Using with OpenAI Client Libraries
Python (openai)
from openai import OpenAI
client = OpenAI(
base_url="http://localhost:8800/v1",
api_key="YOUR_API_KEY"
)
# Basic streaming
response = client.chat.completions.create(
model="qwen2.5-coder-7b",
messages=[{"role": "user", "content": "Hello!"}],
stream=True
)
for chunk in response:
if chunk.choices[0].delta.content:
print(chunk.choices[0].delta.content, end="")
Python — Function calling
response = client.chat.completions.create(
model="qwen2.5-coder-7b",
messages=[{"role": "user", "content": "What's the weather in NYC?"}],
tools=[{
"type": "function",
"function": {
"name": "get_weather",
"description": "Get current weather",
"parameters": {
"type": "object",
"properties": {"location": {"type": "string"}},
"required": ["location"]
}
}
}],
tool_choice="auto"
)
if response.choices[0].finish_reason == "tool_calls":
for tc in response.choices[0].message.tool_calls:
print(f"Call {tc.function.name}({tc.function.arguments})")
JavaScript (openai)
import OpenAI from "openai";
const client = new OpenAI({
baseURL: "http://localhost:8800/v1",
apiKey: "YOUR_API_KEY",
});
const stream = await client.chat.completions.create({
model: "qwen2.5-coder-7b",
messages: [{ role: "user", content: "Hello!" }],
stream: true,
});
for await (const chunk of stream) {
process.stdout.write(chunk.choices[0]?.delta?.content || "");
}
curl (streaming)
curl -N http://localhost:8800/v1/chat/completions \
-H "Authorization: Bearer YOUR_API_KEY" \
-H "Content-Type: application/json" \
-d '{"model":"qwen2.5-coder-7b","messages":[{"role":"user","content":"Hello!"}],"stream":true}'
POST /v1/embeddings
Returns 503 Service Unavailable.
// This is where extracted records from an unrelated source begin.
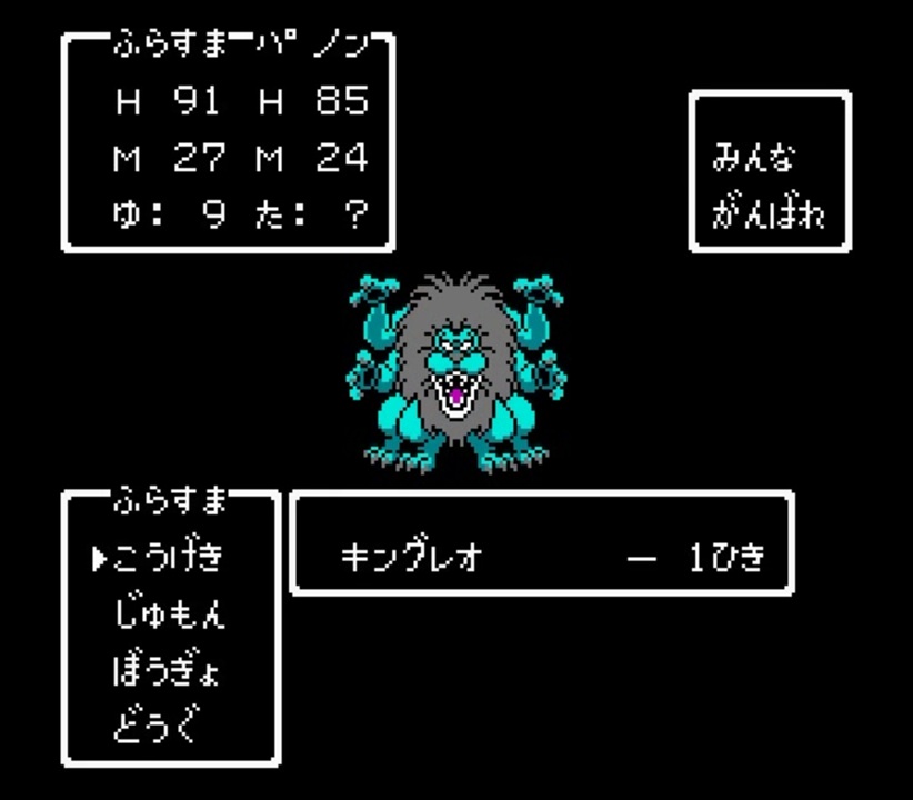 【TASさんの休日】FCドラクエ4 最少勝利回数&最低合計レベルクリア 5/7<br><br>5/7:第五章 キングレオ討伐まで<br>時間:30分46秒(累計:1時間38分33秒)<br>追記回数:4000回(累計:9240回)<br>ソフト:ファミコン版ドラゴンクエストⅣ 導かれし者たち<br><br>■Part5 第五章1<br>ミネア加入 4:45<br>マーニャ加入 5:20<br>9回目の勝利戦闘(@裏切りの洞窟_ベロベロ×2) 6:35<br>10回目の勝利戦闘(@裏切りの洞窟_吸血こうもり×2、裏切り小僧×2) 7:05<br>ホフマン加入 10:00<br>11回目の勝利戦闘(@大灯台_灯台タイガー、炎の戦士×2) 13:40<br>トルネコ加入 15:25<br>アリーナ、クリフト、ブライ加入 22:00<br>導かれし主戦力、伝説の旅芸人パノンが仲間に 23:20<br>12回目の勝利戦闘(@キングレオ_キングレオ) 28:55<br><br>-----------------------------------------------------<br>第1章<br><a href="https://www.nicovideo.jp/watch/sm39804759" class="watch">sm39804759</a><br><br>第2章<br><a href="https://www.nicovideo.jp/watch/sm39804948" class="watch">sm39804948</a><br><br>第3章<br><a href="https://www.nicovideo.jp/watch/sm39805000" class="watch">sm39805000</a><br><br>第4章<br><a href="https://www.nicovideo.jp/watch/sm39805064" class="watch">sm39805064</a><br><br>第5章パート1<br>今ご覧になっている動画です<br><br>第5章パート2<br><a href="https://www.nicovideo.jp/watch/sm39805173" class="watch">sm39805173</a><br><br>第3章パート3(最終回)<br><a href="https://www.nicovideo.jp/watch/sm39805271" class="watch">sm39805271</a><br><br>-----------------------------------------------------<br><br>この動画で利用している株式会社スクウェア・エニックスを代表とする共同著作者が権利を所有する著作物及びスギヤマ工房有限会社が権利を所有する楽曲の転載・配布は禁止いたします。<br>© 1990 ARMOR PROJECT/BIRD STUDIO/SPIKE CHUNSOFT/SQUARE ENIX All Rights Reserved.<br>© SUGIYAMA KOBO<br><br>当動画はユーチューブでも上げています<br><a href="https://youtu.be/jw7Z5SUuLGo" target="_blank" rel="noopener nofollow">https://youtu.be/jw7Z5SUuLGo</a>
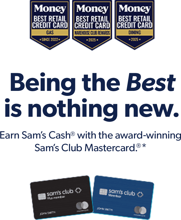 *Subject to credit approval. See the “How to Earn Sam’s Cash with your Sam’s Club Mastercard” reward program terms for details.
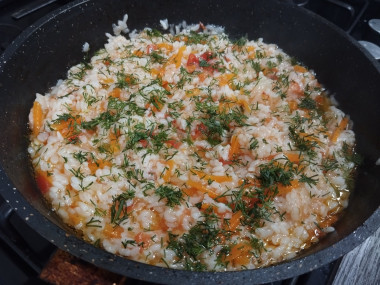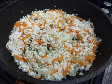 С риса слейте воду. Равномерно распределите его по овощам. Накройте казан крышкой и оставьте на пару минут. Рис за это время впитает в себя масло от овощей, что поможет стать ему в дальнейшем рассыпчатым и золотистым.
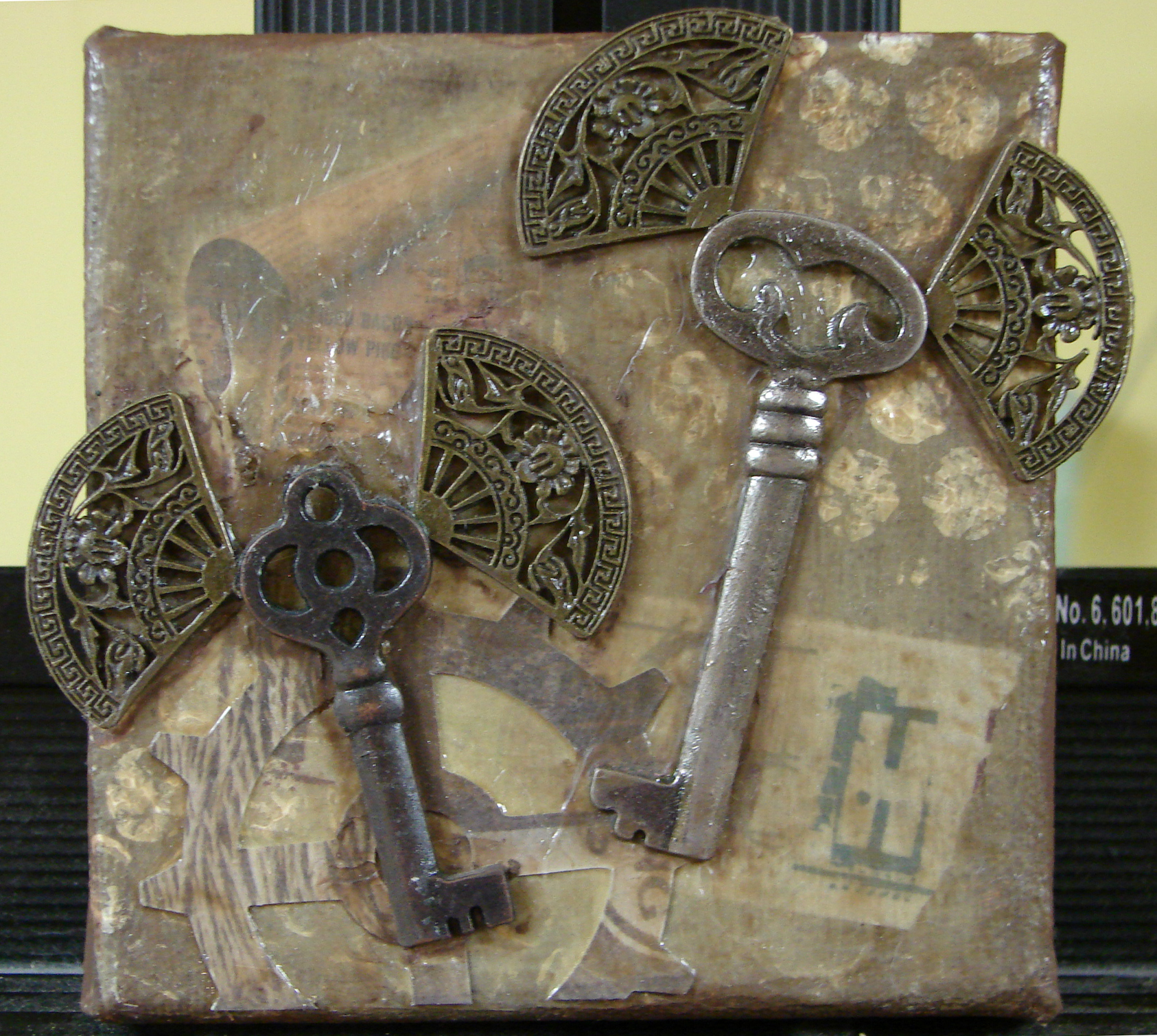 Home Goods & Sundry Small Mixed Media Assemblage Art on Canvas Small Mixed Media Assemblage Art on Canvas, 9
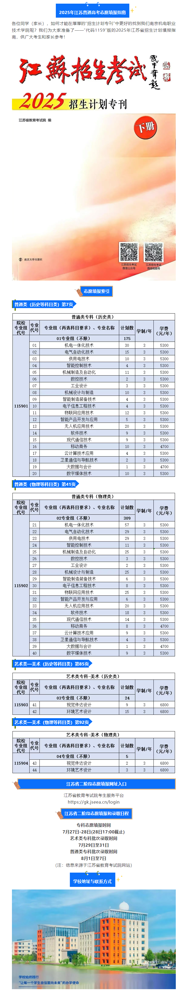 南京机电职业技术学院2025年江苏普通高考志愿填报指南
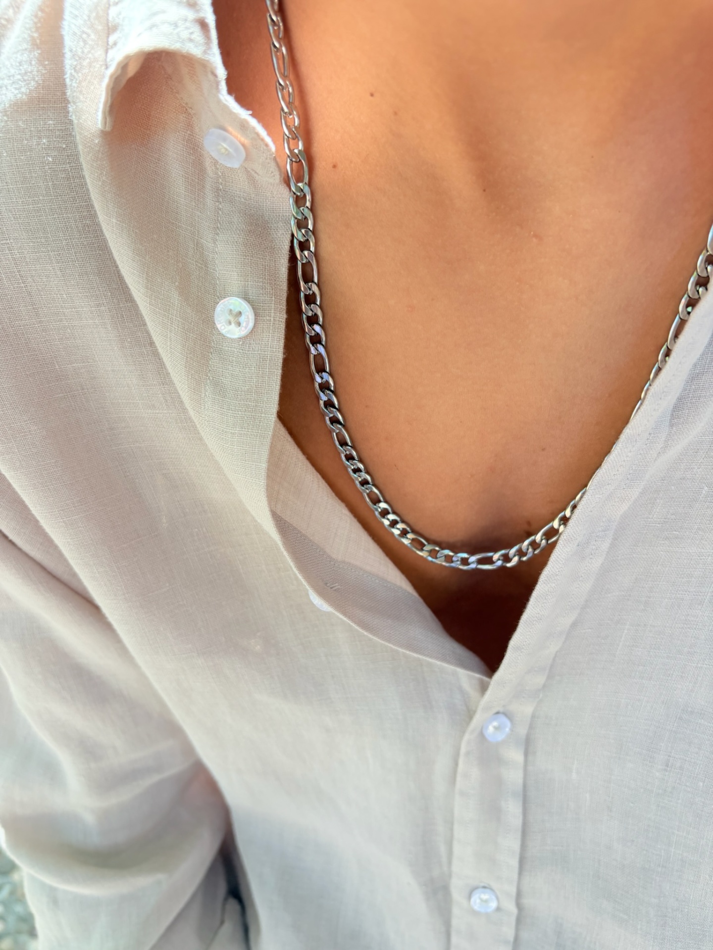 A Formentera é aquela corrente com presença — simples, direta e cheia de atitude. Com elos largos e acabamento brilhante, ela traz uma estética limpa e marcante, perfeita para o dia ou para sair à noite com estilo.
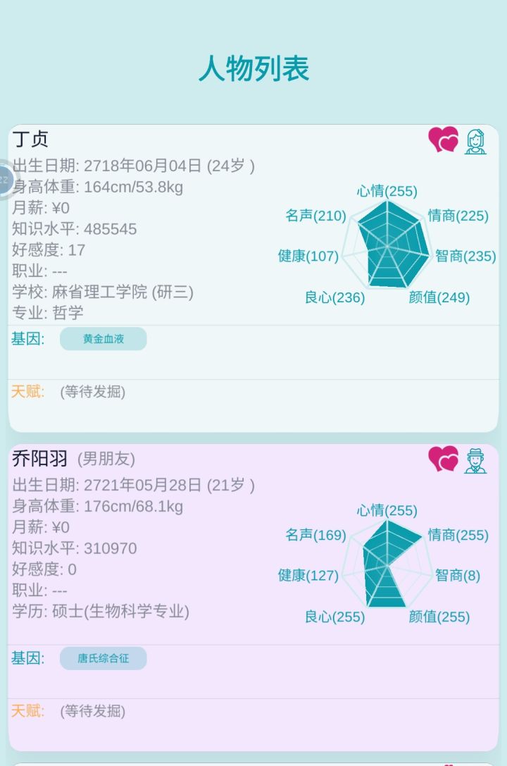 即使是99级花心,也会有被发现偷情的风险,一旦被发现,就是存款平分。不过结婚的好处是亲热只需要20点体力(每年30次),而情人的亲热需要25点(每年24次)。假如我想跟多位异性建立联系的话,就不适合结婚。但是不结婚又有可能触发情人的结婚请求,会有三个选项,第一个选项是跟她结婚,第二个选项是等等(不知道是什么效果),第三个选项我只是玩玩会导致她好感度降到负数关系破裂。最幽默的是前任交朋友邀请我
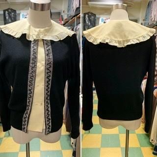 50s 襟が大きい ブラウス ヴィンテージ シャツ 1950年代 うす黄色 つけ襟
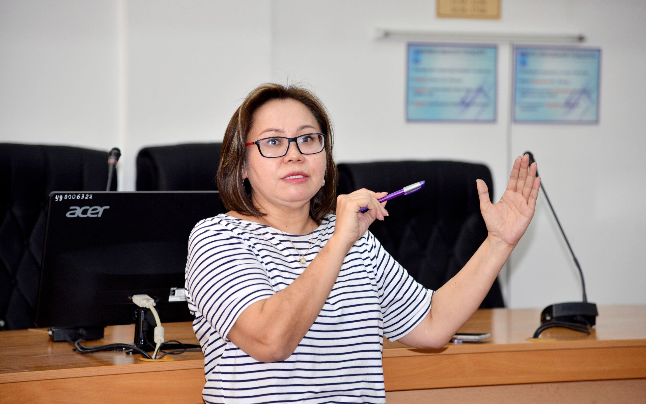 Затем был заслушан доклад проректора по академическим вопросам Гульжан Жарасовой по проектам подготовки педагогов и педагогического образования, отвечающих требованиям современного общества. В докладе были рассмотрены вопросы оптимизации, совершенствования и цифровизации учебного процесса и подведены итоги прошедшего учебного года по образовательным программам университета.
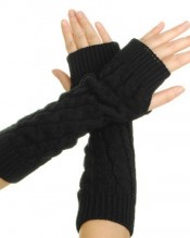 niceeshop(TM) 1 Pair Fashion Womens Braided Wool Knitted Crochet Long Soft Fingerless Winter Warm Arm Gloves-Black

Text embeddings are not supported via the subprocess inference path. Use a dedicated embedding provider or the OpenAI embeddings API directly.
GET /v1/providers
List configured cloud providers and their available models.
curl http://localhost:8800/v1/providers \
-H "Authorization: Bearer YOUR_API_KEY"
Returns an array of { name, models: [...] } objects for each configured provider.